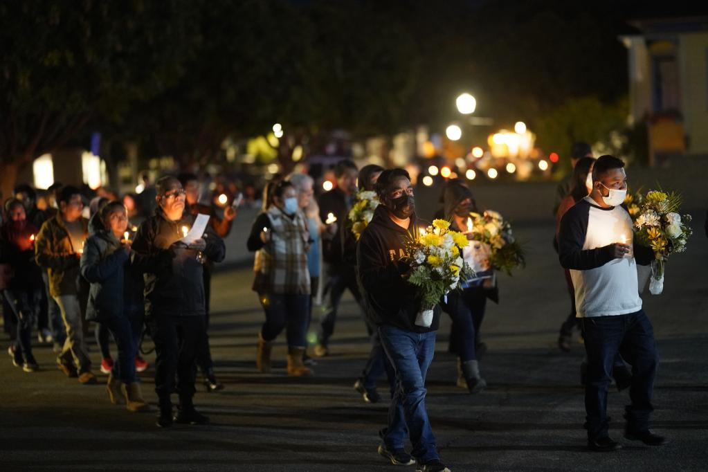 1月31日,在美國加利福尼亞州半月灣市,人們手持蠟燭和鮮花哀悼幾天前槍擊事件中的遇難者。該市1月23日發生嚴重槍擊事件,造成7人死亡、1人受傷。新華社記者 吳曉凌 攝
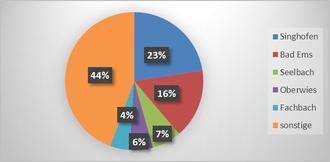 Mit Blick auf die absoluten Zahlen im Jahr 2022 sind die in der Gemeinde Singhofen und der Stadt Bad Ems aufgestellten Photovoltaikanlagen mit ca. 1,6 Millionen kWh bzw. 1,2 Millionen kWh erneut als Spitzenreiter bei der erzeugten Menge Strom zu nennen. 23 % des in der Verbandsgemeinde Bad Ems-Nassau mittels Photovoltaik erzeugten Stroms kommt damit aus der Ortsgemeinde Singhofen. Es folgen die Stadt Bad Ems mit einem Anteil von 16 %, die Ortsgemeinde Seelbach mit 7 %, die Ortsgemeinde Oberwies mit 6 % und die Ortsgemeinde Fachbach mit einem Anteil von 4 % an der absolut erzeugten Strommenge mittels Photovoltaik. Oberwies und Seelbach haben im Vergleich zum Jahr 2020 ihre Plätze eingetauscht und die Stadt Nassau ist auf dem fünften Platz durch die Ortsgemeinde Fachbach abgelöst worden.
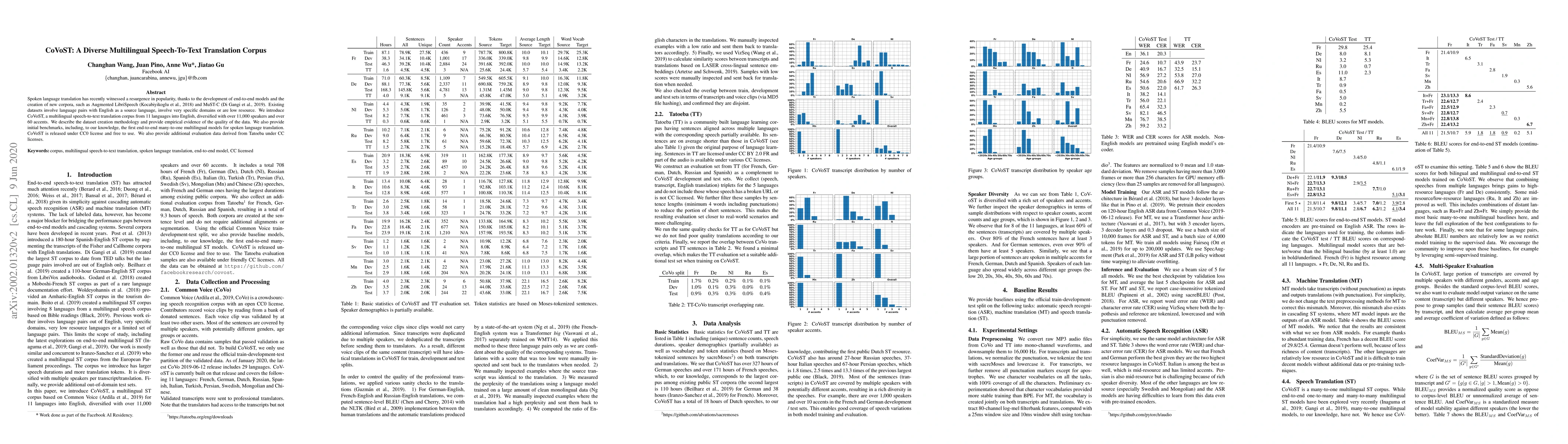 CoVoST is a new multilingual speech-to-text translation corpus containing recordings from 11 languages translated into English, featuring diverse speakers and accents. The paper presents the dataset creation methodology and provides initial benchmarks for multilingual spoken language translation.
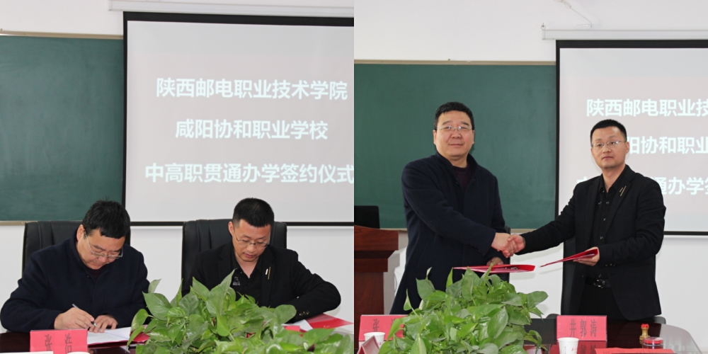 陕西邮电职业技术学院副院长张浩、咸阳协和职业学校校长井郭涛签署了中高职贯通培养协议。
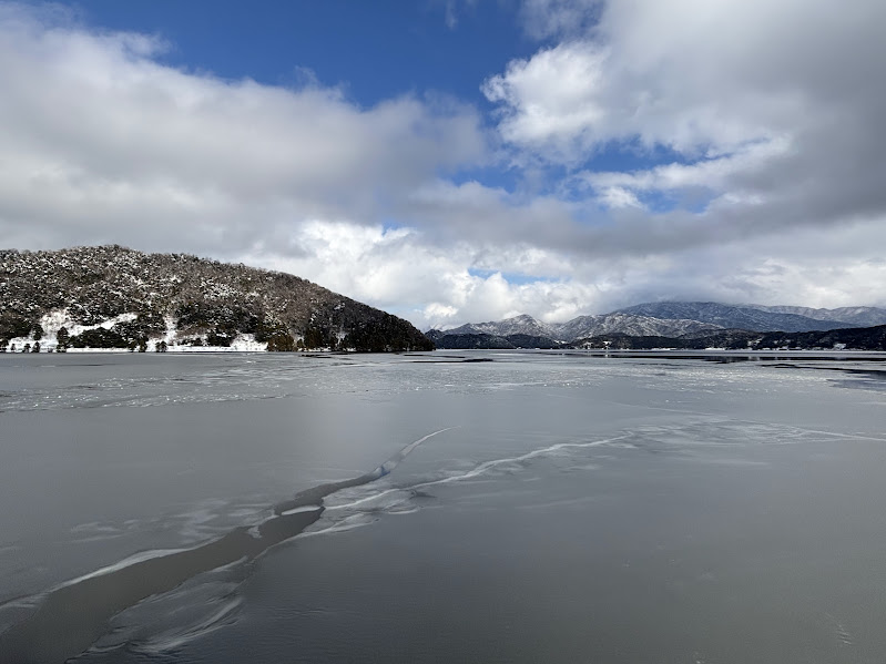 前日からの積雪で、湖面に雪が積もっているのか、凍ってるのか、とにかく珍しい光景。その湖面を割って進む「湖面結氷クルーズ」です。
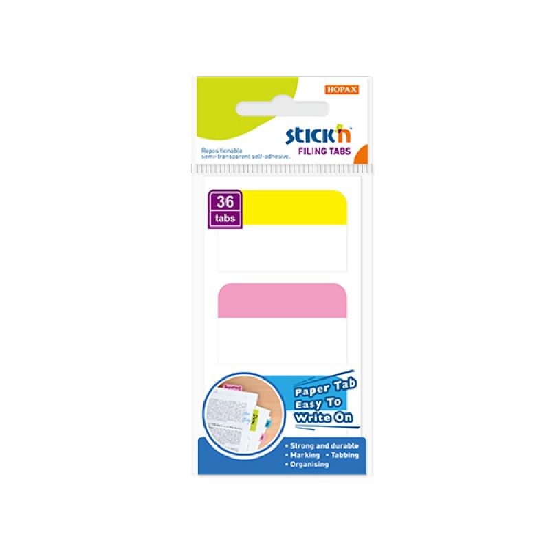Film index autoadeziv cu tab din hartie, 28 x 45mm, 36 buc/set, Stick"n - culori asortate
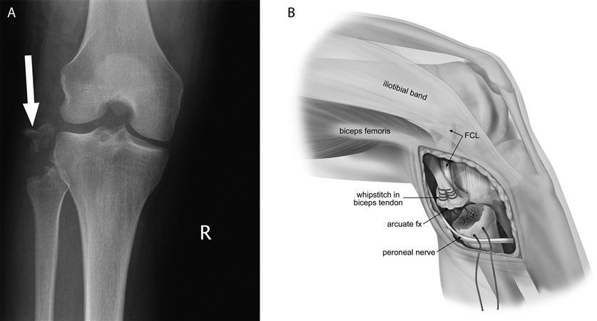 avulsion fracture of the fibula (arcuate fracture ) or femoral condyle
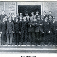 A photograph of Pacific University's Alpha Zeta society. The photograph was taken on the steps of Marsh Hall. This photograph appears in a scrapbook compiled by Frances B. Clapp, a 1908 Pacific University graduate.
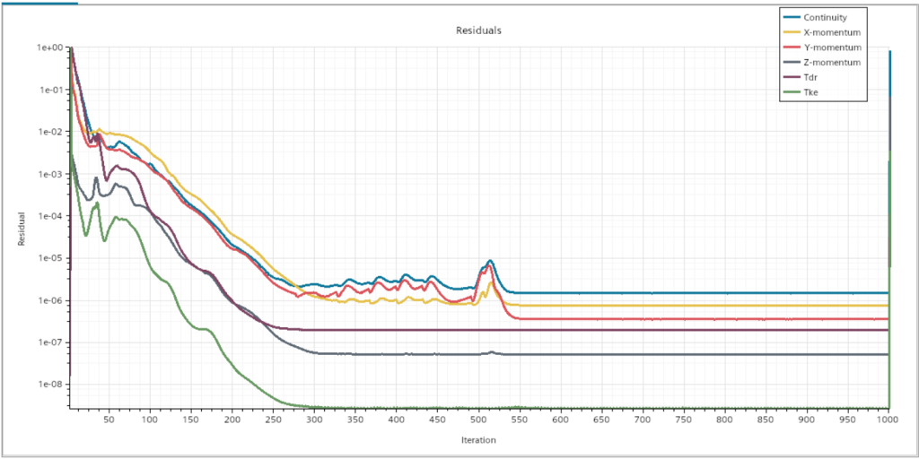 Terjadi gradien tekanan yang menandakan akselerasi dan deselerasi aliran akibat bentuk geometri. Tekanan tertinggi ditemukan di area stagnasi, sedangkan tekanan menurun tajam di bagian trailing. - Grafik Residual:
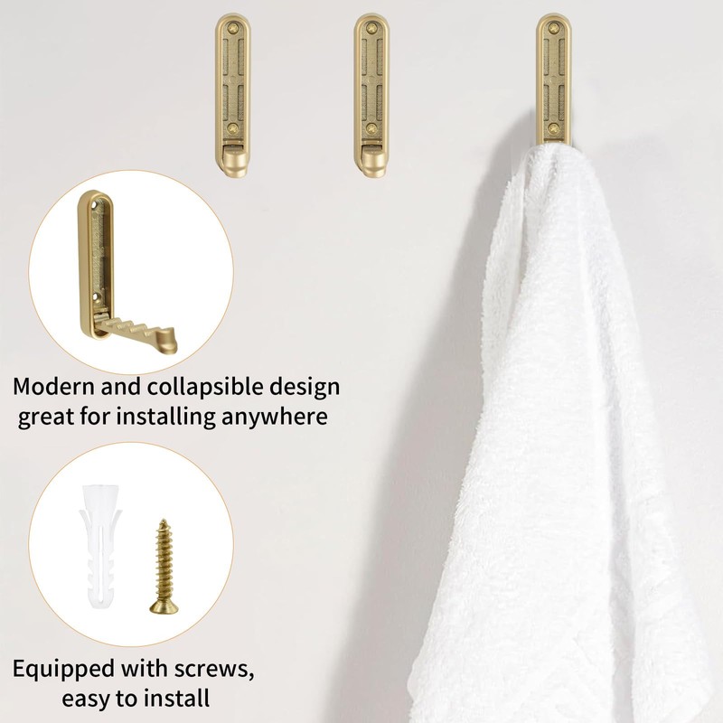 MOROBOR 2pcs Elliptical Folding Wall Hook, Aluminum Alloy Folding Invisible Hooks Non-Slip Heavy Duty Foldable Coat Hangers Retractable Support Rack for Hanging Towels Hats Bags/Gold
◆ ◆ ◆ ◆ ◆ ◆ ◆
◆ **YOUR INSTRUCTIONS**: An exact copy of the entries above is required, with the pictures left out.

◆ **REPLY**:
 1月31日,在美國加利福尼亞州半月灣市,人們手持蠟燭和鮮花哀悼幾天前槍擊事件中的遇難者。該市1月23日發生嚴重槍擊事件,造成7人死亡、1人受傷。新華社記者 吳曉凌 攝
 Mit Blick auf die absoluten Zahlen im Jahr 2022 sind die in der Gemeinde Singhofen und der Stadt Bad Ems aufgestellten Photovoltaikanlagen mit ca. 1,6 Millionen kWh bzw. 1,2 Millionen kWh erneut als Spitzenreiter bei der erzeugten Menge Strom zu nennen. 23 % des in der Verbandsgemeinde Bad Ems-Nassau mittels Photovoltaik erzeugten Stroms kommt damit aus der Ortsgemeinde Singhofen. Es folgen die Stadt Bad Ems mit einem Anteil von 16 %, die Ortsgemeinde Seelbach mit 7 %, die Ortsgemeinde Oberwies mit 6 % und die Ortsgemeinde Fachbach mit einem Anteil von 4 % an der absolut erzeugten Strommenge mittels Photovoltaik. Oberwies und Seelbach haben im Vergleich zum Jahr 2020 ihre Plätze eingetauscht und die Stadt Nassau ist auf dem fünften Platz durch die Ortsgemeinde Fachbach abgelöst worden.
 CoVoST is a new multilingual speech-to-text translation corpus containing recordings from 11 languages translated into English, featuring diverse speakers and accents. The paper presents the dataset creation methodology and provides initial benchmarks for multilingual spoken language translation.
 陕西邮电职业技术学院副院长张浩、咸阳协和职业学校校长井郭涛签署了中高职贯通培养协议。
 前日からの積雪で、湖面に雪が積もっているのか、凍ってるのか、とにかく珍しい光景。その湖面を割って進む「湖面結氷クルーズ」です。
Film index autoadeziv cu tab din hartie, 28 x 45mm, 36 buc/set, Stick"n - culori asortate
 avulsion fracture of the fibula (arcuate fracture ) or femoral condyle
 A photograph of Pacific University's Alpha Zeta society. The photograph was taken on the steps of Marsh Hall. This photograph appears in a scrapbook compiled by Frances B. Clapp, a 1908 Pacific University graduate.
 Terjadi gradien tekanan yang menandakan akselerasi dan deselerasi aliran akibat bentuk geometri. Tekanan tertinggi ditemukan di area stagnasi, sedangkan tekanan menurun tajam di bagian trailing. - Grafik Residual:
 MOROBOR 2pcs Elliptical Folding Wall Hook, Aluminum Alloy Folding Invisible Hooks Non-Slip Heavy Duty Foldable Coat Hangers Retractable Support Rack for Hanging Towels Hats Bags/Gold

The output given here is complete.